Байрону, по сравнению с Шекспиром, гораздо меньше "повезло" в переводах его на русский язык. Правда, были отдельные работы, заслужившие в свое время высокую оценку и в некоторых отношениях не устаревшие и по сей день. Но за самое значительное произведение Байрона, представляющее огромные трудности для перевода, - "Дон-Жуан" - крупные поэты-переводчики вообще не брались. Кроме подстрочных прозаических переводов Соколовского и Каншина сделан был только скромный, для своего времени довольно добросовестный, но явно беспомощный в некоторых отношениях стихотворный перевод П. Козлова.
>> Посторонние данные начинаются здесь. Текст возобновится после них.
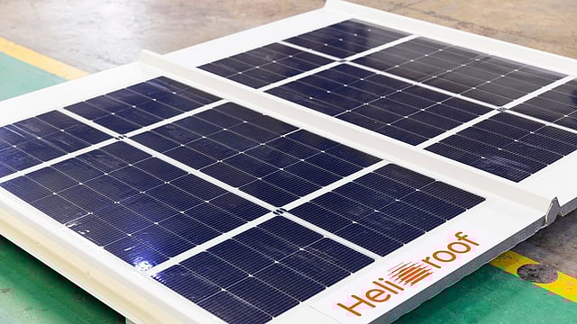 Helioroof integrates solar cells in lightweight steel sheets; the company claims these panels reduce carbon footprint by 25%
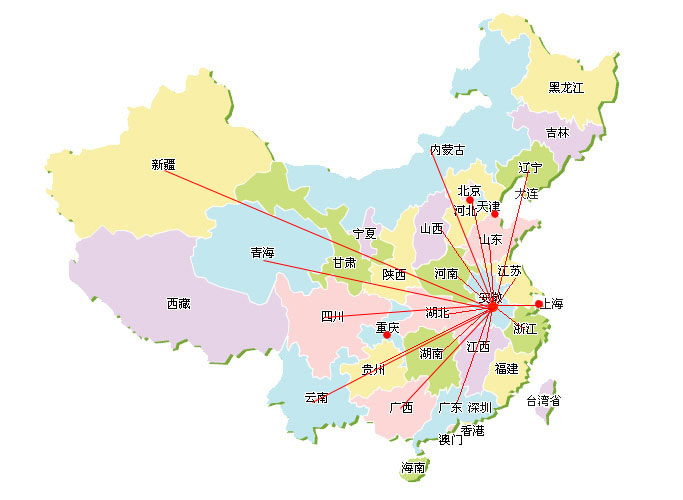 公司销售网络:安徽省各地市、河南、上海、北京、江苏南京、浙江杭州、山东济南、江西、湖北、湖南、辽宁、贵州、广东、内蒙、四川、新疆、青海、云南、广西
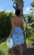 Vestido ligero con estampado floral en tonos azul y blanco, adornada con bordados coloridos y orilla con detalles dorados brillantes. Un diseño elegante y fresco, ideal para ocasiones especiales o looks bohemios con estilo único.
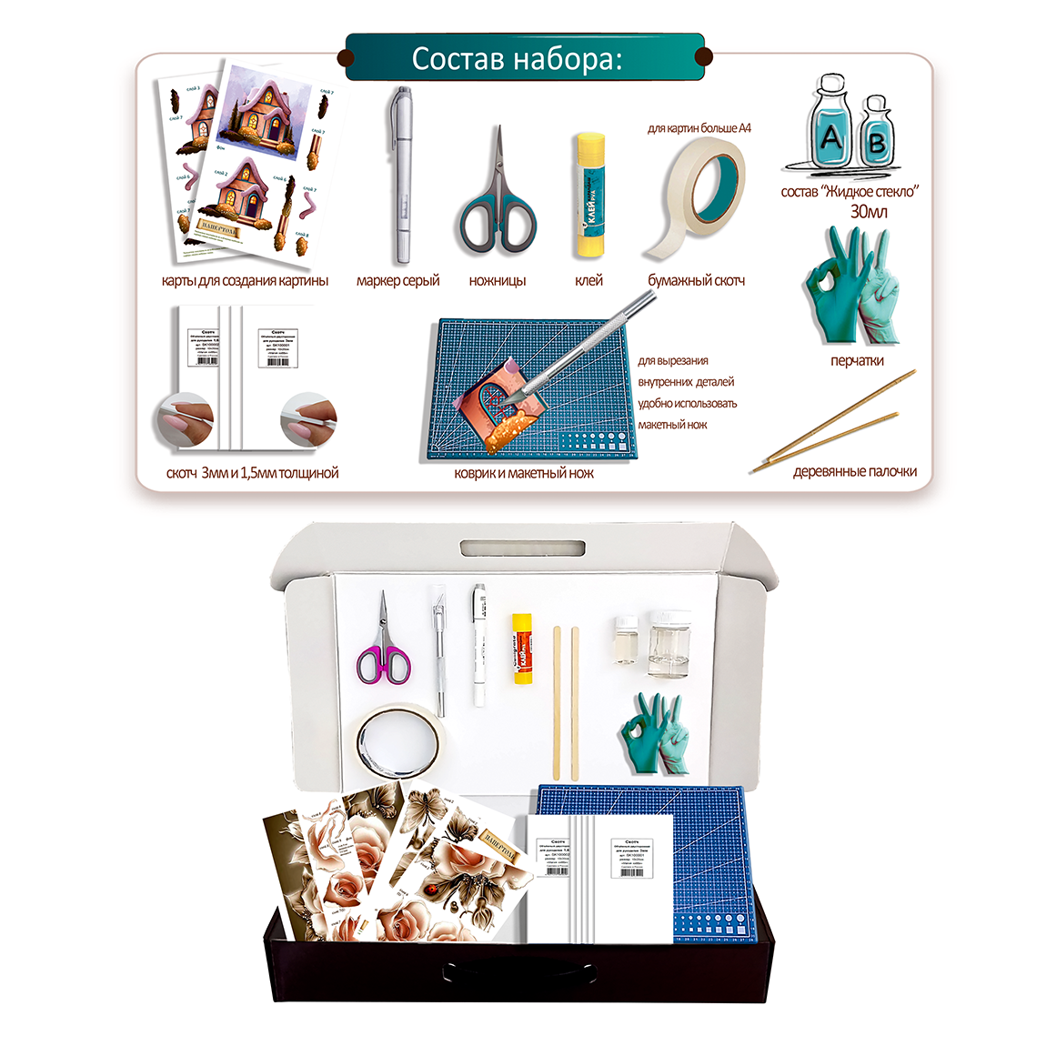 10 цен на Набор папертоль "Карамельные розы" с жидким стеклом Магия Хобби, для создания объемной 3D картины

Можно сказать, что в работе переводчиков над "Дон-Жуаном" Байрона не создано было ни "поэтического", ни "художественного" перевода, ни надежного филологического перевода в прозе, образец которого, например, дал М. Морозов для "Отелло" Шекспира. Поэтому такое внимание привлек полный перевод этого произведения, выполненный Георгием Шенгели. Вот как Г. Шенгели сам определяет свою задачу и как оценивает достигнутые результаты:
"Мысль об этом переводе зародилась у меня давно. Прошли годы... Чтобы подойти к этой работе во всеоружии, я предпринял, - теперь признаюсь в этом, - ученическую работу в виде перевода всех поэм Байрона... Я перевел 13 поэм, объемом около 14 000 строк, перевел в полную силу, работая над каждой так, как если бы это была моя любимая вещь. Переводы эти вышли в двухтомном издании (Гослитиздат, 1940), и отзывы серьезной критики и отклики читателей, от школьников до академиков, вполне удовлетворили мое переводческое самолюбие. Я отважился приступить к "Дон-Жуану"... "Миг вожделенный настал": любимая работа закончена; мечта многих лет - в меру сил моих - осуществлена.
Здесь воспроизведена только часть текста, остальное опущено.